Был поздний вечер, храм был заперт. Здесь присутствовали только те, кто заранее знал о событии. Хор семинаристов звучал особенно торжественно и грозно. Тихие струящиеся голоса переплетались под самым куполом — высоким, черного золота, — звенели легко, металлически, осторожно. Ведь мы присутствовали при смерти.
Я в стороне кусала ногти, пошатывалась на каблуках. Сводило ступню.
Он ожил, заулыбался и зарумянился, когда наместник сказал, что теперь он принял новое имя и заново родился, в зрелые годы, уже умудренный, знающий свои слабости и наклонности. Монах пробудет в алтаре три дня, которые он должен употребить, чтобы обдумать, какие качества возьмет из прошлой жизни, какие оставит в прошлом. От имени всей братии наместник попросил его святых молитв, он приложился к мощам святого в дубовой раке и скрылся за фигурной дверью…
Монах?.. Да ты с ума сошел. Тебе тридцать лет. Что же ты запираешься в безветренное пристанище, ты, кто еще не чувствовал кренящейся палубы корабля под ногами, не знавший бури. Щеки не хлестал мокрый ветер слез, а ты удаляешься в свою внутреннюю пустыню, замыкаешься — от чего? От бессмыслицы, терзаний, бессонниц, тягот, повторов, глупостей, шатаний, ярости, гнева, страстей, мучений? Как я завидую тебе, как мне горько.
Никто из вас не собирается делать ошибок, вы не хотите любить, просто и тяжело любить — нет, на это вы не отваживаетесь. Вы ведаете иную любовь, гораздо более возвышенную. И верно, любить по-земному — значит и умереть всерьез. Вы решили избегнуть погибели, ад вас не прельщает, вы слишком хорошо знаете, куда направляетесь, вы боретесь с искушениями. Ну, так боритесь. Оставайтесь совершенными. Не дайте никому нарушить белоснежную целокупность вашего покоя. После жарких снов не забывайте читать молитвы от осквернения, заграждающие пасти львов.
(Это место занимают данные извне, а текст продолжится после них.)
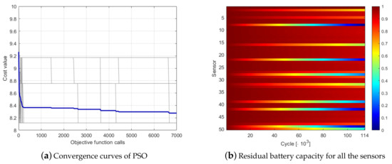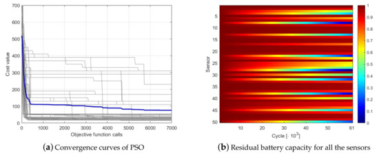 PSO optimization of the 50-nodes network with the depth-based codification: (a) convergence curves; and (b) residual battery capacity.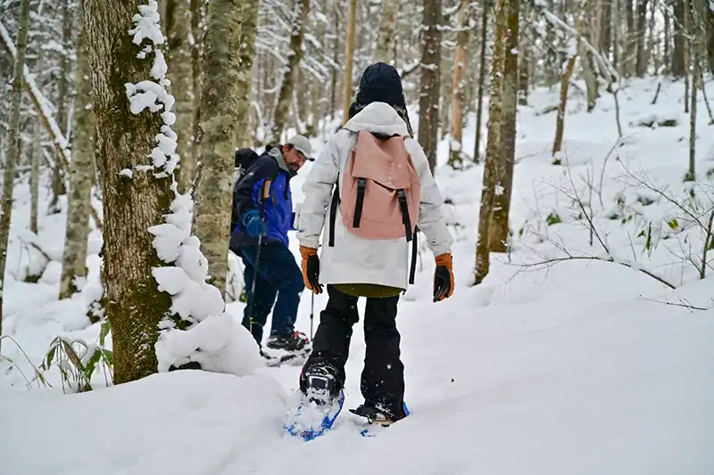 這次趁著日本過年期間造訪TOMAMU,預約了「雪山健行&森林咖啡」(スノーシューハイキング&森カフェ)體驗。由於要走進地面鬆軟的雪山,為了避免陷進雪中寸步難行,需要穿著底部面積寬大的雪鞋。雖然是第一次穿著但很快就能上手,順利走進有坡度的雪地。雖說是「雪山健行」,但其實只是一座小山,沿路聽著解說漫步,大約一個小時就能抵達山頂了。

Что я здесь делаю, среди вас, холодных, чистых и четких? Я, во всю мою жизнь так и не встретившая мужчину, который был бы более мужественен, чем я. Монах?.. Да ты смеешься надо мной.
Господи, ну что она говорит?.. Ведь знает, что все не так. Что вчерашний приятель, бывший Алексей, напротив, отправился на подлинную войну. Женское, низкое, подлое — говорит и жалуется во мне… Однажды по-настоящему узнаю и я его — так сказал Григорий Богослов в надгробном слове: «Тогда увижу Кесария светлого, славного, каковым он, из братий любезнейший, мне многократно являлся во сне».
Теперь дочитывала бедные клетчатые листочки солдата, прерываемая встречными-поперечными обрывками впечатлений, чьими-то голосами, даже диалогами, без конца звучавшими в голове. «Польза от послушания родителям не только та, что отец и мать больше твоего знают, — бубнил один голос. — А и от Бога в качестве награды за послушание есть возможность получить некоторые бонусы». — «Исповедаться? Да я… Не готовилась. Не готова», — говорила я сама кому-то. «Будешь готова — не приходи», — отвечали мне.
Обрывки припоминаний струились в сознании, как на сквозняке. «Грех, очевидно, загромождает правду, удаляет нас от нее, он и есть морок, в котором мы существуем. Избавление от грехов означает прорыв к другому, более глубокому, более правильному бытию. Не зря говорим: согрешили не только делом, словом и помышлением, но всеми своими чувствы. Видели не то. Не то слышали».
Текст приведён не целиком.